> Exercise directions
Wherever a picture appears in the listing, leave it out, and copy the rest exactly.

> Listed records
^^^^
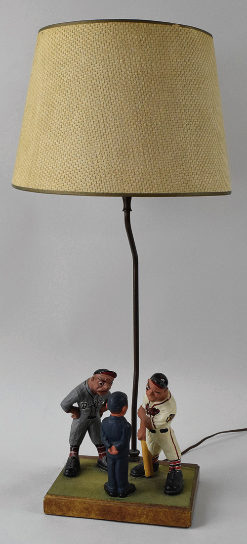 Description:1941 Rittgers baseball figures (set of 3) displayed on vintage lamp base (Figures EX/MT, Lamp overall EX) Trio of vintage baseball Rittgers figures with the batter in "Buffalo" uniform and pitcher in "Chiefs." Impressed marking with 1941 date can be seen on foot of batter and all appear to be in very strong, nearly as issued, condition. Mounted to the wooden base of a lamp which appears vintage to the era and has green felt simulating grass on top surface. While it can not be stated with certainty our consignor has relayed that this was a very limited release production piece done by Rittgers. Stands 31" tall with some natural aging throughout and mild wear to the shade: Figures EX/MT, Lamp overall EX ($500-$750)
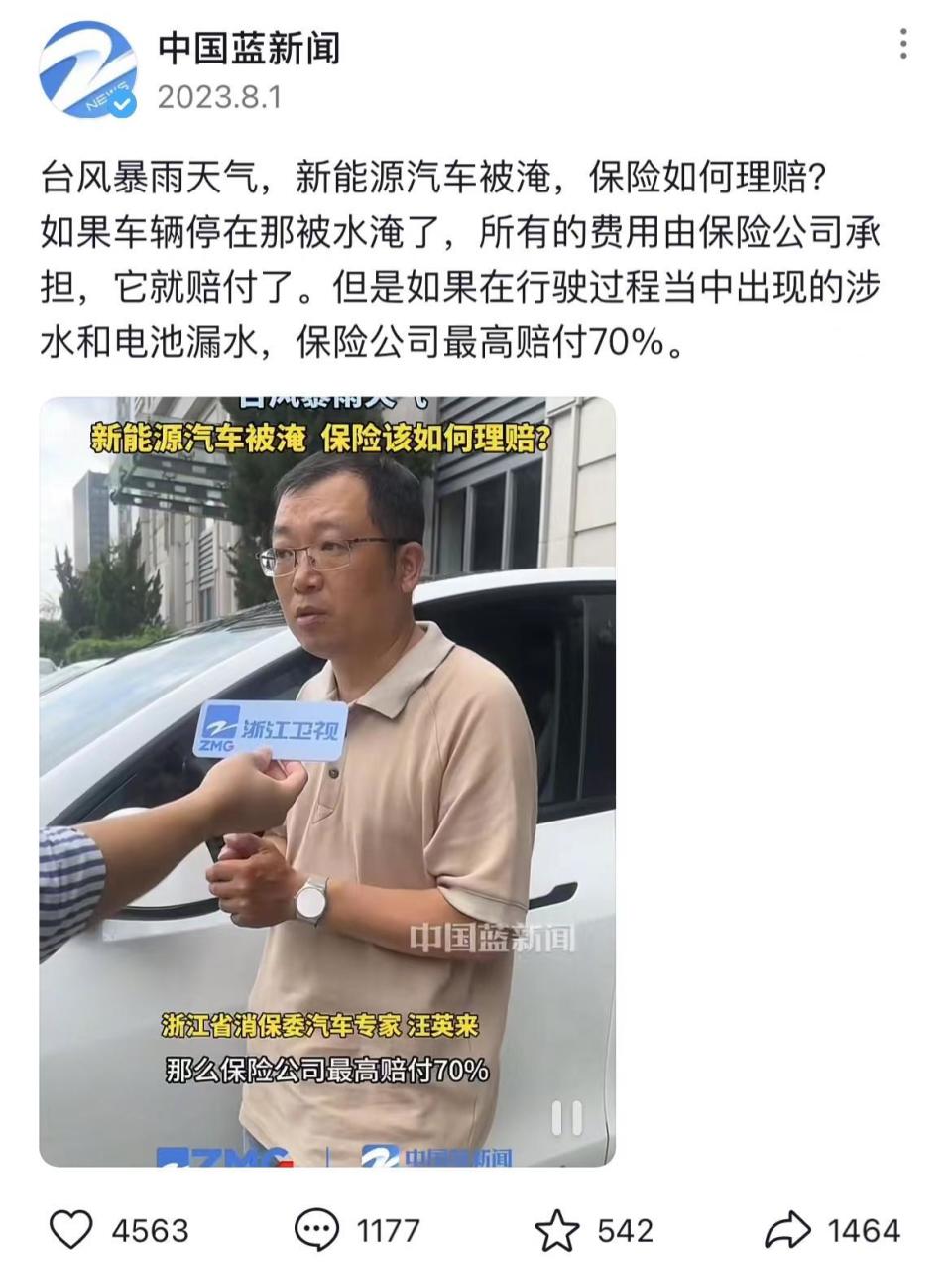 雖然油車新能源車都有泡水專屬車險,但新能源車如果在行駛過程中出現涉水與電池漏水,保險公司最高賠付70%。加上其他的電子元器件被泡水的隱患,這其實是車主很大的一個痛點。
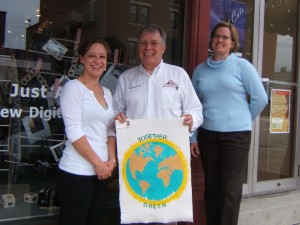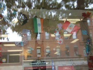 Gondwana: Students from Rundlett Middle School gave us a hand with clothes cut from paper bags. Pictures and flags are also hung to represent the countries Gondwana practices Fair Trade with.
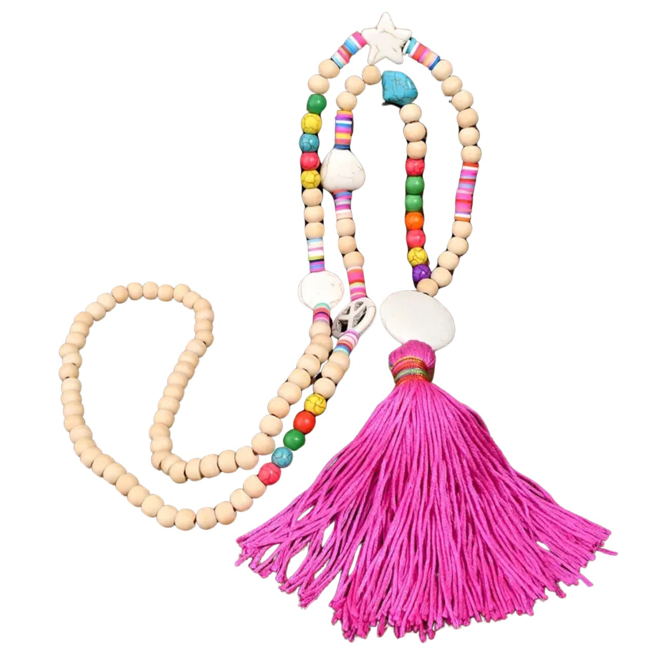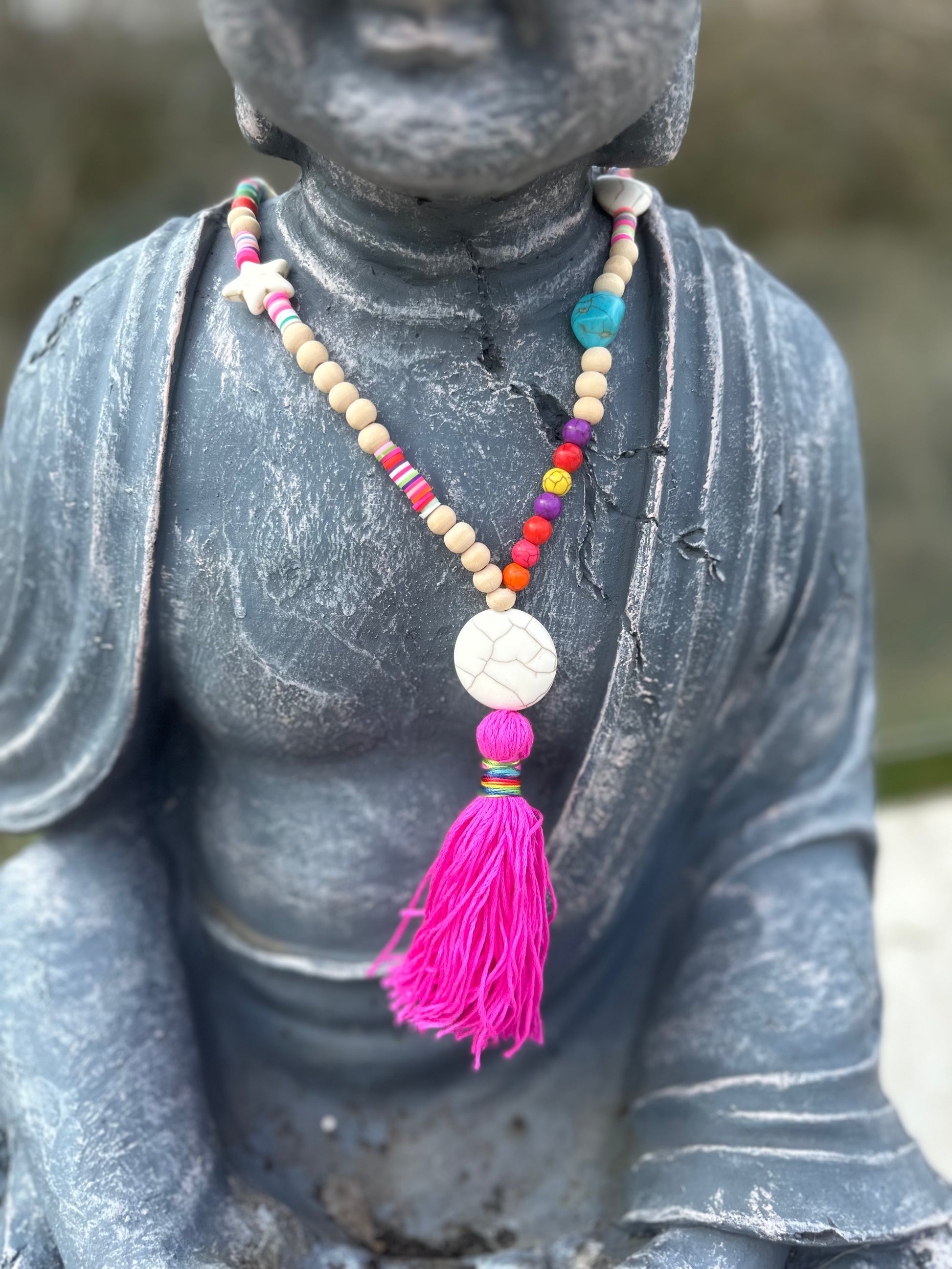 Diese Kette ist ein echter Hingucker und lässt sich perfekt mit Sommerkleidern, Strandoutfits oder Casual-Looks kombinieren. Der große Quastenanhänger sorgt für eine verspielte Note und macht jedes Outfit zu etwas Besonderem.
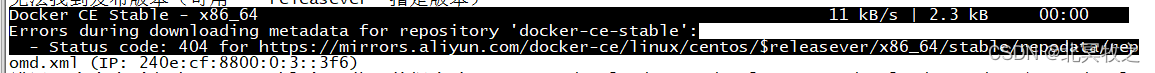 - Status code: 404 for https://mirrors.aliyun.com/docker-ce/linux/centos/$releasever/x86_64/stable/repodata/rep
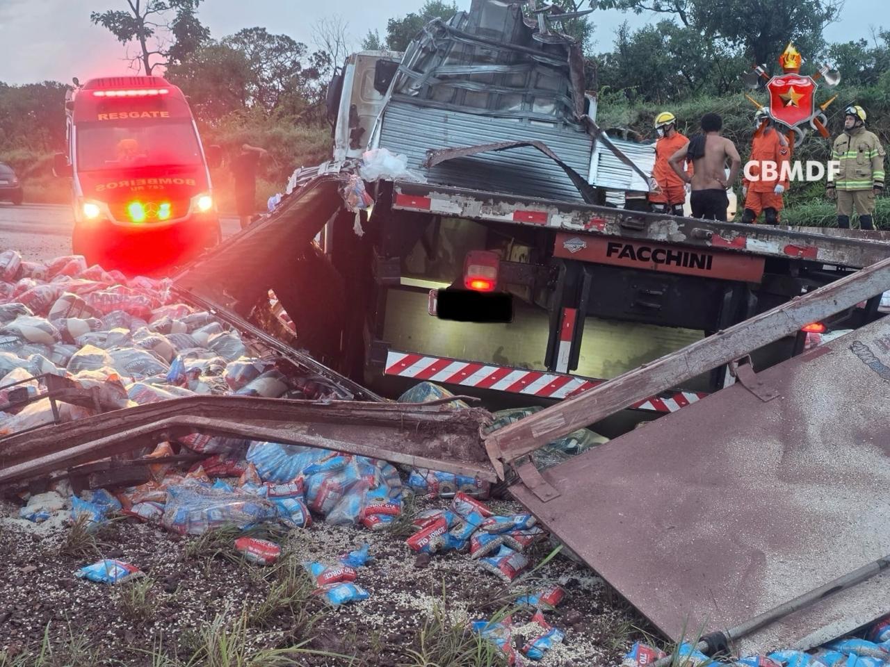 Um caminhão com sacos de arroz capotou na BR 020, em Planaltina, no final da tarde deste domingo (23), sentido para Formosa.
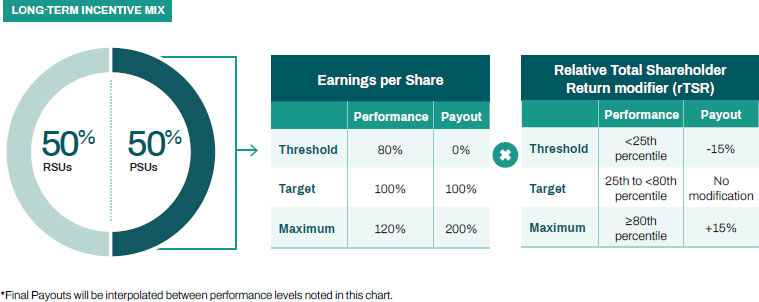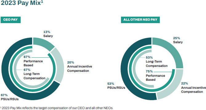 Our executive compensation program is structured within a strong framework of compensation governance with a bias toward compensation that is dependent on long-term company performance and with compensation that is balanced to mitigate risks appropriately.
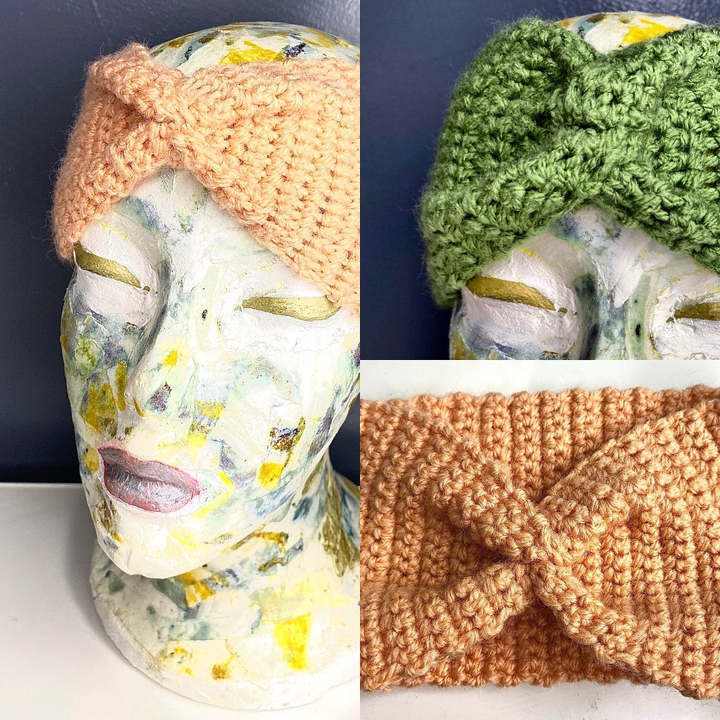 There are loads of ways to make these gorgeous headbands even more pretty- you could add beads or buttons, you could use multiple colours of yarn or just add a contrasting colour trim round the outside.
^^^^
> Solution for this exercise
 Description:1941 Rittgers baseball figures (set of 3) displayed on vintage lamp base (Figures EX/MT, Lamp overall EX) Trio of vintage baseball Rittgers figures with the batter in "Buffalo" uniform and pitcher in "Chiefs." Impressed marking with 1941 date can be seen on foot of batter and all appear to be in very strong, nearly as issued, condition. Mounted to the wooden base of a lamp which appears vintage to the era and has green felt simulating grass on top surface. While it can not be stated with certainty our consignor has relayed that this was a very limited release production piece done by Rittgers. Stands 31" tall with some natural aging throughout and mild wear to the shade: Figures EX/MT, Lamp overall EX ($500-$750)
 雖然油車新能源車都有泡水專屬車險,但新能源車如果在行駛過程中出現涉水與電池漏水,保險公司最高賠付70%。加上其他的電子元器件被泡水的隱患,這其實是車主很大的一個痛點。
 Gondwana: Students from Rundlett Middle School gave us a hand with clothes cut from paper bags. Pictures and flags are also hung to represent the countries Gondwana practices Fair Trade with.
 Diese Kette ist ein echter Hingucker und lässt sich perfekt mit Sommerkleidern, Strandoutfits oder Casual-Looks kombinieren. Der große Quastenanhänger sorgt für eine verspielte Note und macht jedes Outfit zu etwas Besonderem.
 - Status code: 404 for https://mirrors.aliyun.com/docker-ce/linux/centos/$releasever/x86_64/stable/repodata/rep
 Um caminhão com sacos de arroz capotou na BR 020, em Planaltina, no final da tarde deste domingo (23), sentido para Formosa.
 Our executive compensation program is structured within a strong framework of compensation governance with a bias toward compensation that is dependent on long-term company performance and with compensation that is balanced to mitigate risks appropriately.
 There are loads of ways to make these gorgeous headbands even more pretty- you could add beads or buttons, you could use multiple colours of yarn or just add a contrasting colour trim round the outside.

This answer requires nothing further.